Derbyshire woodland pub granted licence - despite objections from residents

A temporary pub set up in Derbyshire woodland will now be a permanent feature – despite residents comparing it to the noise disruption of Glastonbury.

Friday, 27th August 2021, 8:17 am

A licensing hearing held by Derbyshire Dales District Council saw councillors approve a premises licence for the Pub in the Woods, based on the Wild Park Derbyshire site, just outside Brailsford.

Residents living nearby claimed the site, which has been operating through temporary licences through the pandemic, say current noise levels caused by the venue are too high.

A solicitor speaking on behalf of the applicants, said management had made earlier mistakes when setting up the venture but have made changes to reduce noise and disruption.

Jenny Else, who runs the venture, said the venue would host ‘butlers in the buff’ events for charity nights, but “we are not thinking of having hen parties every week or anything like that”.

Now a premises licence has been granted, the venue will be allowed to open from 7.30am until 11.30pm Sunday through Wednesday and 7.30am until 12.30am on Thursdays, Fridays and Saturdays.

Alcohol can be on sale from noon each day and until 11pm Sunday through Wednesday and until midnight Thursday to Saturday.

Music can be permitted indoors and outdoors until midnight from Thursday to Saturday and films would be allowed to be shown from 9am until midnight on the Sundays before bank holidays and on Halloween (October 31), and until 1am on New Year’s Eve.

However, Karen Cochrane, on behalf of applicants, said there is no current plan to have the venue open every day of the week and very few events which would continue past 11pm.

She said events would be pre-booked with strict entry and exit times.

Eileen Tierney, the council’s licensing manager, said: “The main concerns of the residents are related to the possibility of any increase in noise nuisance and extra traffic if the premises are going to be used on a more frequent basis than they have been in the last 12 months.”

Andrew Smith, who lives close to the site, said during the hearing: “I am already concerned about the noise level and, clearly, approving this application just extends all the noise disturbance.

“The application is going to further add to the noise distribution and, for me, the acoustics are about the same as they are at Glastonbury, although Glastonbury only lasts five days, the potential here is to be 365 days a year with noise nuisance up to 11pm three nights a week and up to midnight four nights a week.

“The soundproofing is leaves on the trees and the wind blowing in the right direction.”

James Hodson, who also lives close to the site, said the noise from the site has reduced in the most recent events, but still presents an issue.

He said during the hearing: “If you can make out the songs very clearly from your bedroom window, that is quite noisy.“Adult entertainment will bring more noise to the area.

“My concern is that more has not been done to soundproof the stage.

“The five people (households) that have objected are the five people around middle wild park.”

Ms Cochrane said it would be a “win-win” if the venue can thrive as a business and that it does not disturb the peace of the area and its residents.

She told the hearing: “It’s a rural and isolated spot, that is the unique selling point of this premises and is going to be vital for the premises and also others living nearby to do nothing to spoil that.

“People are coming for the rural atmosphere.

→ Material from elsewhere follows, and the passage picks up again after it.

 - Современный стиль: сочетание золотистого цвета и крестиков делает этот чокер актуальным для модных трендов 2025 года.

If they just wanted to go to a normal pub or club they could do that very easily.

“It is called the pub in the woods and it would spoil that unique selling point if it was made into anything else.

“The premises have had the opportunity to test the water. It is safe to say they have been on somewhat of a steep learning curve.

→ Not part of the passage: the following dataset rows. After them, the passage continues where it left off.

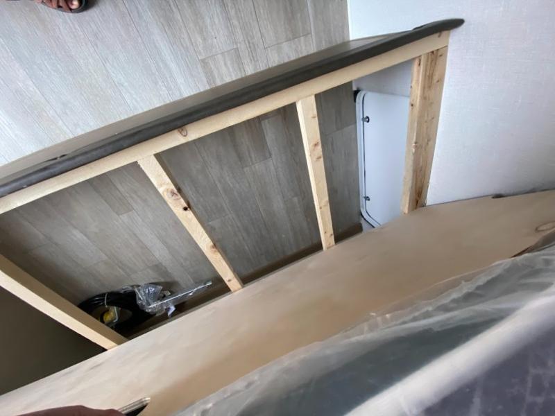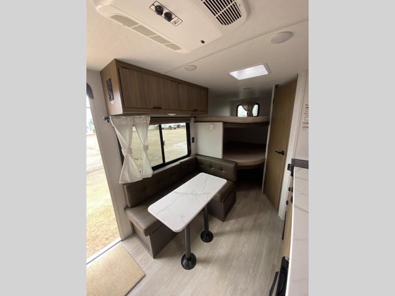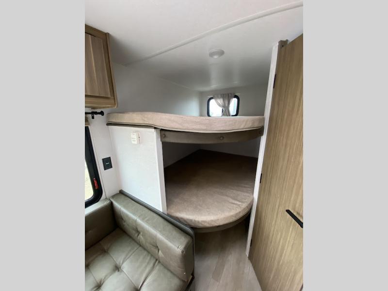 The double-size bunks with storage will be a big selling point in this travel trailer! While your guests take the bunks, you can have the front queen bed all to yourselves, and there is a wardrobe to keep your things organized. A two burner cooktop and microwave will let you make meals each day, and you can dine at the open lounge with a table.
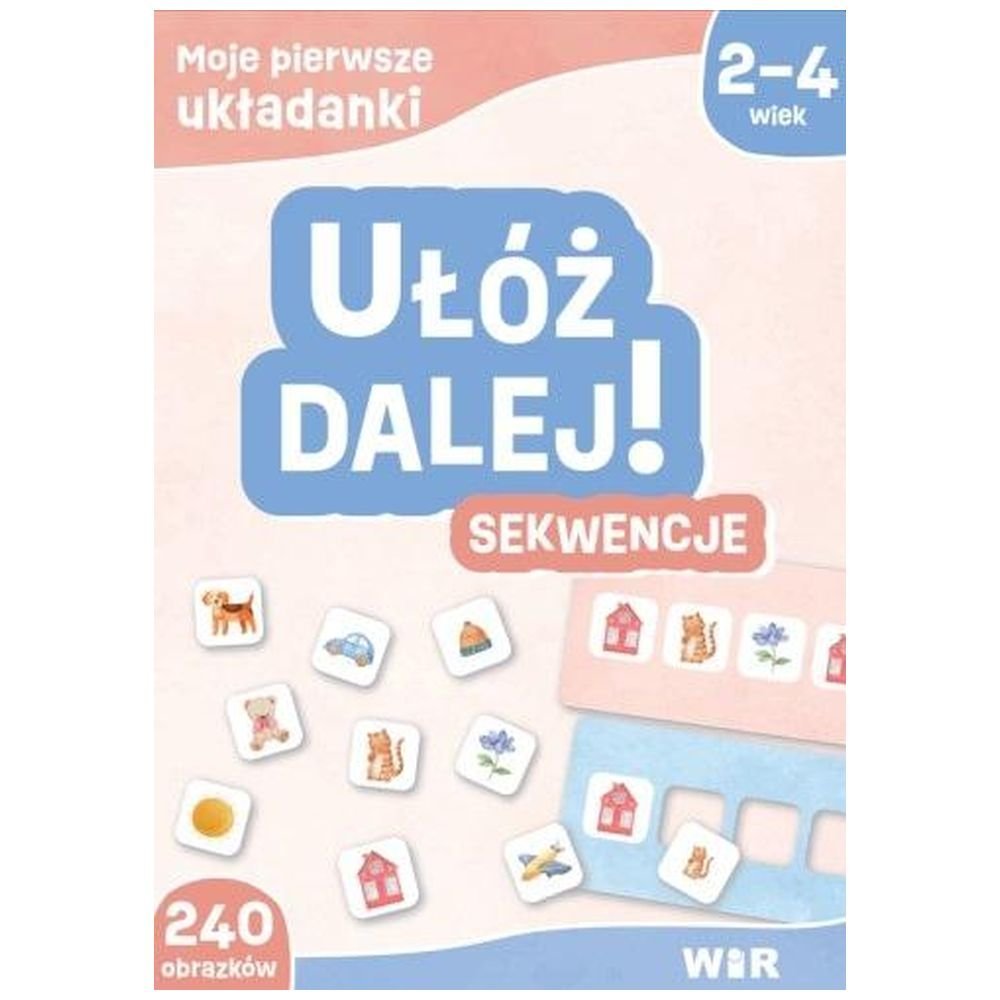 Zestaw edukacyjny wspierający rozwój językowy i poznawczy Twojego dziecka! Dzięki zabawom z układankami Ułóż dalej! Sekwencje maluchy uczą się odczytywania zasad i przygotowują się do mówienia i pisania. Tworzenie sekwencji stymuluje ich lewą półkulę mózgu oraz wspiera logiczne myślenie i umiejętność tworzenia struktur językowych. Zestaw jest zatem idealnym wsparciem terapii językowej oraz pomocą w przygotowaniu do czytania i pisania, a także w codziennym używaniu języka. W zestawie: 4 tekturowe plansze do układania sekwencji, 240 dwustronnych kartoników z obrazkami, instrukcja z propozycjami zabaw. Zestaw dedykowany jest dzieciom w wieku 2-4.
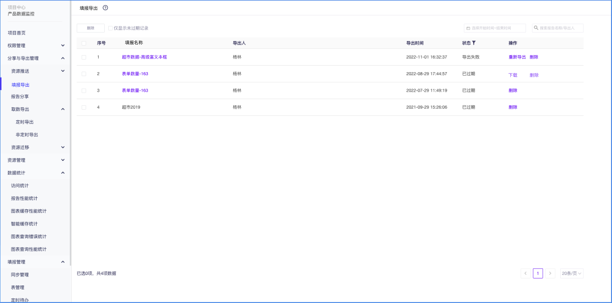 (1)项目中心-分享与导出管理:新增”填报导出“模块,项目管理员可以看到所有导出内容;其他用户仅可以看到自己的导出。
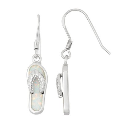 Opalata Sterling Silver Blue Inlay Opal Flip-Flop Earrings - Blue
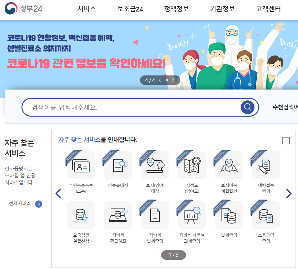 정부24 홈페이지의 주소는 gov.kr 이며 검색하면 바로 찾으실 수 있을 것입니다.
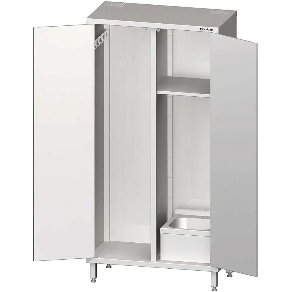 Dulap organizator din inox cu 2 uși și chiuvetă integrată, 1000×500×2000 mm
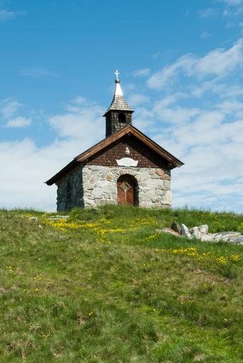 Keywords: mountains landscape nature chapel summer alpine sky meadow

“They will admit themselves that a five-piece band will simply not work on this site, nor will DJs playing dance music.

“So with that in mind they have already begun to limit the number of musicians to two or three. A five-piece band was not helpful.

“Acoustic music will routinely cause no issues and amplified music can be turned down. The music will not need to be loud, it is not competing with any other noise.”

She said the venue had initially used two large speakers, but has swapped these for five small “zonal” speakers.

Ms Cochrane said: “There is a desire to work very closely with the neighbours.”

Jenny Else, who runs the venture, said the venue would host ‘butlers in the buff’ events for charity nights, but “we are not thinking of having hen parties every week or anything like that”.

The application details that the venue is a large log cabin with a tin roof, measuring 25 metres by 15 metres, along with a smaller log cabin measuring five metres by 10 metres.

It says the large cabin is usually used as a “safe area” between paintballing battles, where customers can restock on ammo and get drinks and snacks.It is also used for corporate team building and sometimes school fundraising events.

The venue also has an outdoor seating area with picnic tables and log stumps, along with an open sided tipi and open-sided wooden huts.

It says it would like permission for regular live music sessions as the business expands following the pandemic, saying “we would rather ensure we have covered all possibilities and have the flexibility to cater for events in the future”.